I’d like to propose a session on getting the most out of text-mining historical documents through visualizations. There has been a lot of attention recently lavished (rightfully, for the most part) on Google’s n-gram tool and the recent Science article. And text-mining has been gaining a lot of attention from humanists, particularly as easily adopted new tools and programs become available.
I’m working on two big projects that try to extract meaningful patterns from large collections (newspapers in one, transcribed manuscripts in another) and then make sense of those patterns through visualizations.

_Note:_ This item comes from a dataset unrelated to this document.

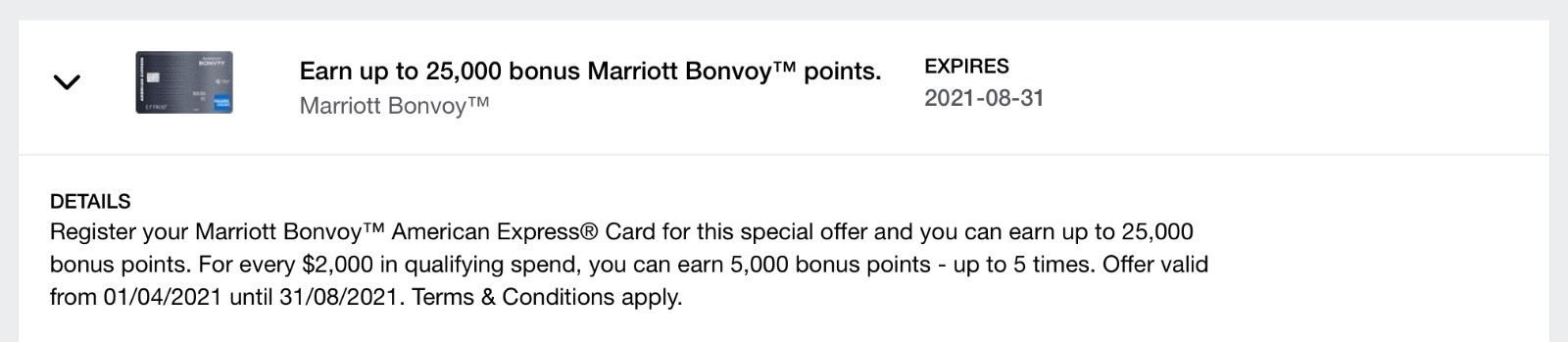 There’s another new Amex Offer making the rounds for targeted cardholders with the American Express Marriott Bonvoy Card. From now until August 31, 2021, you’ll have the opportunity to earn up to 25,000 Bonvoy points by spending on the card.

Most of this happens in the form of mapping (geography and time being the two most common threads in these sources), but also in other forms of graphing and visualizations (word clouds, for instance).
A major challenge, it seems to me, is that there is not a widely understood common vocabulary for how to visualize large-scale language patterns. How, for example, do you visualize the most commonly used words in a particular historical newspaper as they spread out across both time and space simultaneously?

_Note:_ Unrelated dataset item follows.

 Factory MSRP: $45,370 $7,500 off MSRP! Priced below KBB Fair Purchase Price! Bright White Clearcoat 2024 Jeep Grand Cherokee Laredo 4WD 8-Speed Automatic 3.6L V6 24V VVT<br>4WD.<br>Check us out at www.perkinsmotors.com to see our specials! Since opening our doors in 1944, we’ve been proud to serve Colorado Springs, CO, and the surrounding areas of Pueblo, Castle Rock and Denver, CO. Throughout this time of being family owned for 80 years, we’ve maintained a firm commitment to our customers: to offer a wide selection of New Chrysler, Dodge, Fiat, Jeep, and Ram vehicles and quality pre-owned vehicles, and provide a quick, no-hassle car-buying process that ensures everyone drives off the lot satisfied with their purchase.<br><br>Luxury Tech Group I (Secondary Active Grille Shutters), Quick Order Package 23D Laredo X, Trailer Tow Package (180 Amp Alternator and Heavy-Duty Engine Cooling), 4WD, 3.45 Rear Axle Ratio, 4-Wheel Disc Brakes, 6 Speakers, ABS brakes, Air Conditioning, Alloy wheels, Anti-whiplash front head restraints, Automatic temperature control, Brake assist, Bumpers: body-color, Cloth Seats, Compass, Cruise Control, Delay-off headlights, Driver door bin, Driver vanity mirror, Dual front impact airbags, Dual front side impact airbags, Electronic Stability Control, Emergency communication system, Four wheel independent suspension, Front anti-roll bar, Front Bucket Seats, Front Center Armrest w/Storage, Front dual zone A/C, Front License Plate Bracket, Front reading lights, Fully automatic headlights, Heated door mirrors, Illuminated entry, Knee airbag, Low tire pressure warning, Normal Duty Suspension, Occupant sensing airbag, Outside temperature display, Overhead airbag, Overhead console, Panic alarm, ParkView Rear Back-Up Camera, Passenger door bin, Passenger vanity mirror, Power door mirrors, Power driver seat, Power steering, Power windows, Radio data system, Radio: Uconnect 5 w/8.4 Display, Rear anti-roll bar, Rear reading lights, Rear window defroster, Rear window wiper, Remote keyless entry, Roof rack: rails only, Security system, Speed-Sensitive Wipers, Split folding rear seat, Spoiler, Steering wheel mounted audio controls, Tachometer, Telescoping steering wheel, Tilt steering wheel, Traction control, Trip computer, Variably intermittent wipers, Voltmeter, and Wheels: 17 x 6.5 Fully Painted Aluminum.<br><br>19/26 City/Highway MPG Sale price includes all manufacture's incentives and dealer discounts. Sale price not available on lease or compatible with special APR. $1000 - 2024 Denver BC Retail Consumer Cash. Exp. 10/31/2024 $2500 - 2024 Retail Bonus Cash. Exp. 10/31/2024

We’ve been experimenting with that in our projects, but I’d like to hash this issue out with folks working on similar (or not so similar!) problems.
#1 by Tess on April 14, 2011 - 4:14 pm
I’m really interested in the variety of applications for this technique. Laura Mandell showed this type of visualization with tracking relationships through Southey’s correspondence at TILTS in February.

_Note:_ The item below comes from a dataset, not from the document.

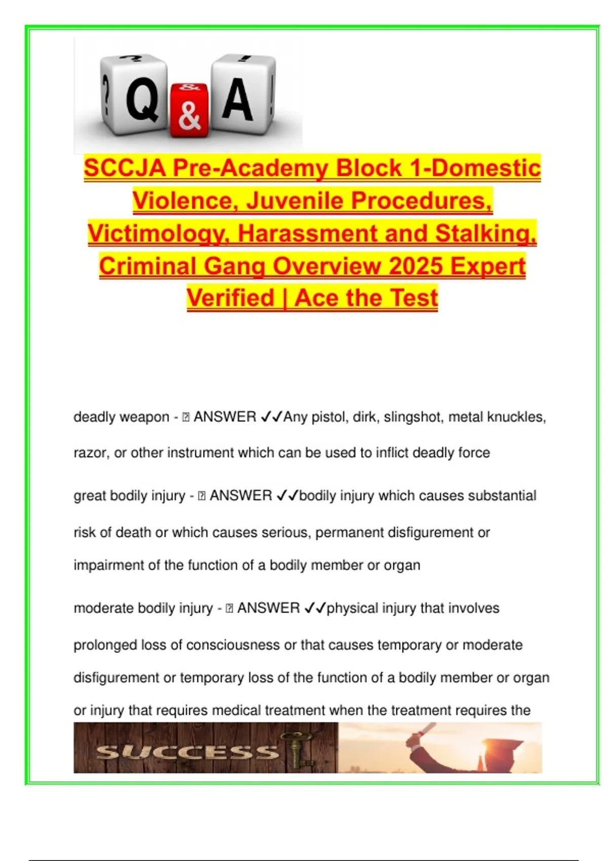 This expertly verified SCCJA Pre-Academy Block 1 study guide for the 2025/2026 academic year offers a complete and in-depth review of essential content areas for South Carolina law enforcement trainees. With over 100 solved Q&A items, the document is designed to reinforce critical foundational knowledge needed for success in both written assessments and real-world policing scenarios. Core content areas include: Domestic Violence (DV): Legal definitions, degrees of DV, related case law, officer responsibilities, scene protocol, primary aggressor factors, DV of a high and aggravated nature (DVHAN), protective orders, and victim communication strategies. Juvenile Procedures: Juvenile rights and legal standards (In re Gault, Kent v. US, McKeiver v. Pennsylvania), family court jurisdiction, DJJ processes, diversion programs, detention limits, and fingerprinting laws. Victimology: Victim rights, short and long-term trauma responses, interviewing techniques, support services (SCVAN, SOVA, SCCADVASA), cultural sensitivity, and trauma-informed policing. Harassment and Stalking: Legal definitions and thresholds for 1st/2nd-degree harassment, stalking behaviors, cyberstalking, protection orders, and indicators of victim danger. Criminal Gang Overview: SLED and VGTOF definitions, gang identifiers, gang types (traditional, hybrid, non-traditional), recruitment methods, historical street gangs, and LE gang response tactics. This resource is ideal for: South Carolina Criminal Justice Academy (SCCJA) cadets and instructors Law enforcement students, particularly those enrolled in basic training (BLE) Criminal justice majors, especially those pursuing careers in public safety, investigations, or victim advocacy Field training officers and pre-academy coaches looking for verified materials aligned with SCCJA learning objectives Included are real-world case law applications (Obergefell v. Hodges, State v. Abdullah), psychological indicators of deception, evidence admissibility rules, and communication do’s and don’ts at volatile scenes—all essential knowledge for emerging law enforcement professionals. Keywords: SCCJA, domestic violence law, juvenile procedures, victimology, harassment, stalking, criminal gang activity, South Carolina law enforcement, BLE prep, family court, In re Gault, DVHAN, restraining order, cyberstalking, SLED gang definition, law enforcement study guide, gang identifiers, protective orders, trauma-informed policing, SCVAN, SOVA, SC criminal justice

dhhub.org/demos/voyeur/ I’m interested in applying this to periodicals, as mentioned above.
#2 by Natalie Houston on April 12, 2011 - 8:12 pm
I’d be really interested in this session. One of the challenges I’ve found is that many people in text-focused disciplines feel put off by traditional graphs (i.e., “we’re in English, don’t show me charts”). As you suggest, it might be best thought of as a visual vocabulary problem.
#3 by sethgrimes on April 7, 2011 - 5:54 pm
Check out the slides from a class I presented last year on text mining & visualization: www.slideshare.net/SethGrimes/text-mining-and-visualization-4937750 .
Seth, twitter.com/sethgrimes
#4 by Laurel Stvan on March 30, 2011 - 3:40 am
I’m intrigued by this, too. With lots of data or just diachronic data, using only tables of word frequencies or changes in collocations may not be as effective as showing commonalities via different colors and weights in word clouds, for instance. What other visualization methods can show patterns across several axes?